When it comes to matters of the heart, we often lose all logic. The heart wants what it wants and all that. *cue eye roll* Love is a two-way street (what’s your definition?) that often makes us extremely emotional and also irrational. At such a time, tell yourself that you are entitled to receive the same set of basic expectations from your partner – traits like respect, honesty, and care, which you bring to the equation. The way I see it, it isn’t a tall ask. It’s the foundation of a healthy relationship. If you find yourself chasing your partner for things as realistic and simple as these, I’d say you have a lot to think about.
Two Lives. Two Souls.
I recently read a study that revealed that most relationships that fizzle out in the first 8 to 10 months, because of a control-freak partner. The constant need to be on top of things in an obsessive way, managing the partner’s schedules, even controlling his/her career decisions are some major red flags. A happy relationship will only surface when there are two content, happy individuals that are contributing voluntarily and committedly to being together. Focus on your health, your own happiness, your own journey and know that when you are strong, you are putting up your end of the deal.

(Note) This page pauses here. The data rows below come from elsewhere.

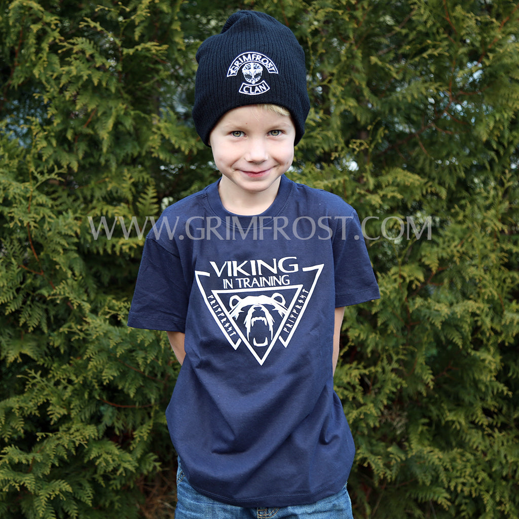 Hochwertiges, in Schweden handbedrucktes Kinder-T-Shirt mit einem Aufdruck auf der Vorderseite: "Viking in Training" und ein brüllender Bär. Produktion und urheberrechtlich geschütztes Design von Grimfrost.
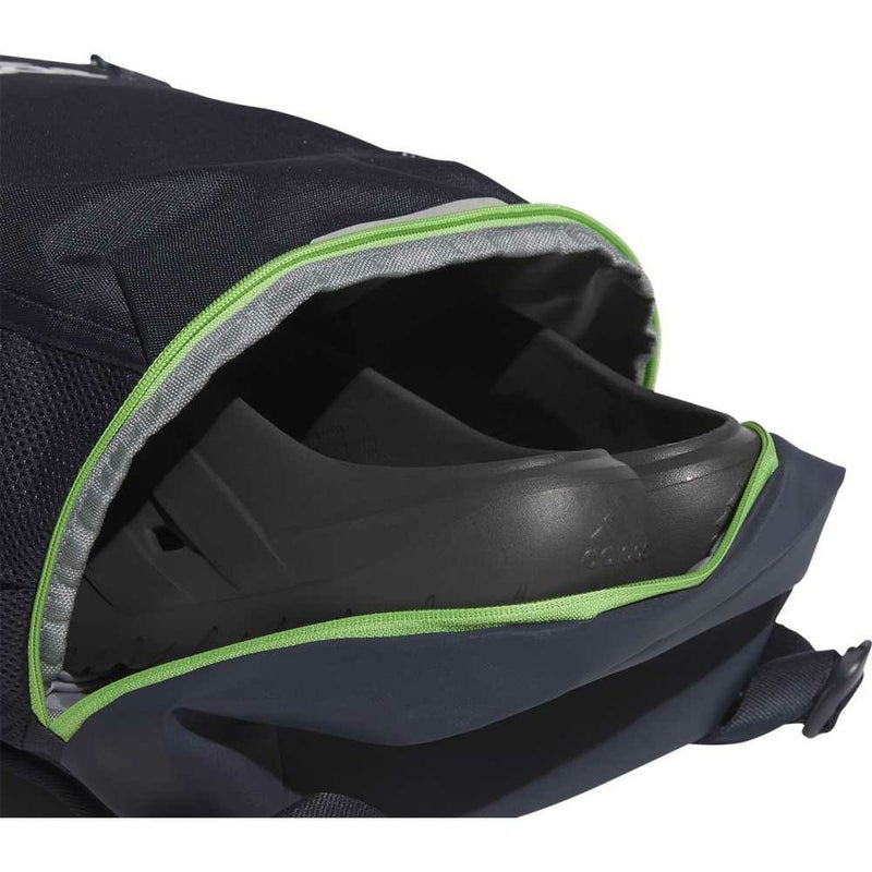 背面にエアメッシュパネル、長さ調節可能なショルダーストラップとチェストストラップ、上部にジップポケット、両サイドにメッシュポケット、外側にシューズ用コンパートメント、内側にオーガナイザー
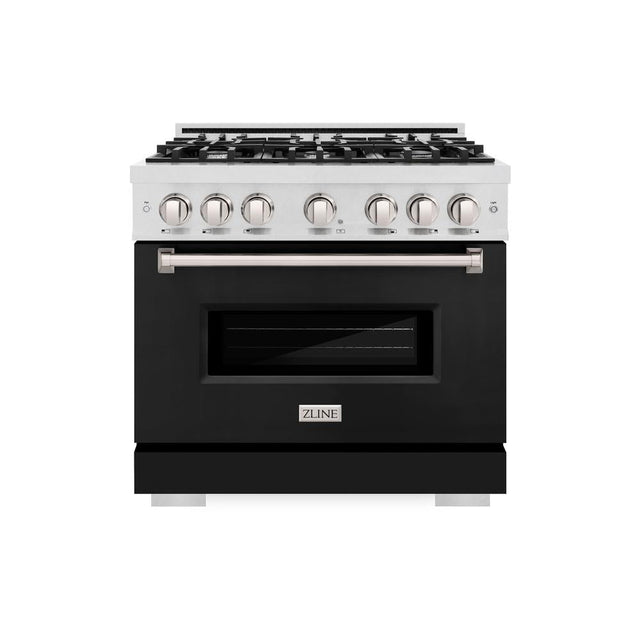 ZLINE 36 in. 5.2 cu. ft. Classic Gas Range with 6 Burner Cooktop and Convection Gas Oven in DuraSnow® Stainless Steel with Black Matte Door (CGRS-BLM-36)
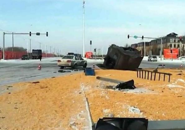 无独有偶,2019年12月15日3时许,哈尔滨世茂大道与智谷大街交口处,一辆拉运玉米的大货车与一辆拉运碎石的大货车发生相撞事故。其中,运碎石的大货车驾驶室与车身发生了分离,驾驶室被甩出10余米远,驾驶员和驾驶室一同被甩了出去;拉运玉米的大货车后部车体严重损坏变形,车厢内装载的大量玉米散落街头。事故造成运碎石的大货车驾驶员不幸遇难。
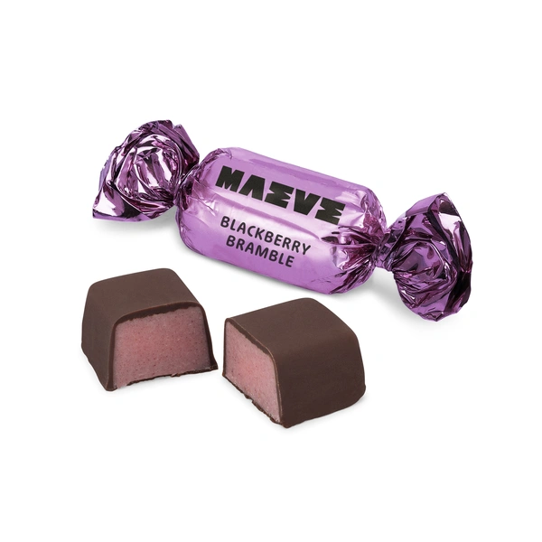Tasting notes: Ripe blackberries and rich dark chocolate slow-dancing in the woods on a moonlit night. Naturally dried blackberries in creamy white chocolate, enrobed in dark chocolate. 5 lb (about 240 pieces).
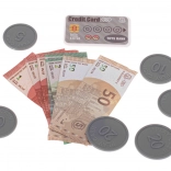 Setul include diferite tipuri de bani pentru copii, card de credit și o gamă variată de produse, adăugând un sentiment realist jocului de vânzare.
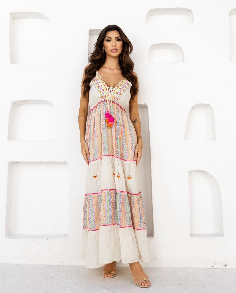 Vestido em algodão forrado e bordado, comprimento longuete, decote V e elástico nas costas.
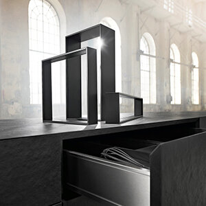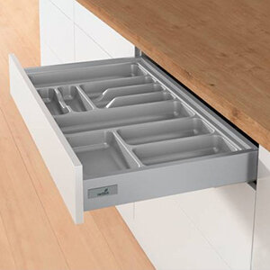 De bestekbakken in het grijs zijn er in 3 verschillende uitvoeringen. De plastic bestekbakken, de Cuisio van kunststof gecombineerd met grijs aluminium en de stalen lade-indelingen van AMBIA-LINE in de kleur Oriongrijs.

Forgive. But don’t forget (the lessons)
Fighting is actually considered healthy for all relationships. A good argument that shows you a different perspective or even one that tells you that you were right (yet again!) is sure to help you grow as a couple, only if you handle it maturely and make it out of the boxing ring alive. Your quarrels will teach you a lot of things; they may anger you, upset you and break you down. But learn to embrace all the changes they bring. Forgive your partner, but don’t forget every lesson you learn along the way. Like they say, you only grow through what you go through.
And after having all your ducks in a row, if you still feel like you seem to be walking through the tunnel with no sign of the light at the end of it, I’d say (out of experience) – stop chasing. Know that things happen for you when you are ready, not when you ask for them. Be it the right job, the perfect relationship, the hefty bank balance, all of it.
Trust the plan and believe that you are meant for good things. The best is yet to come.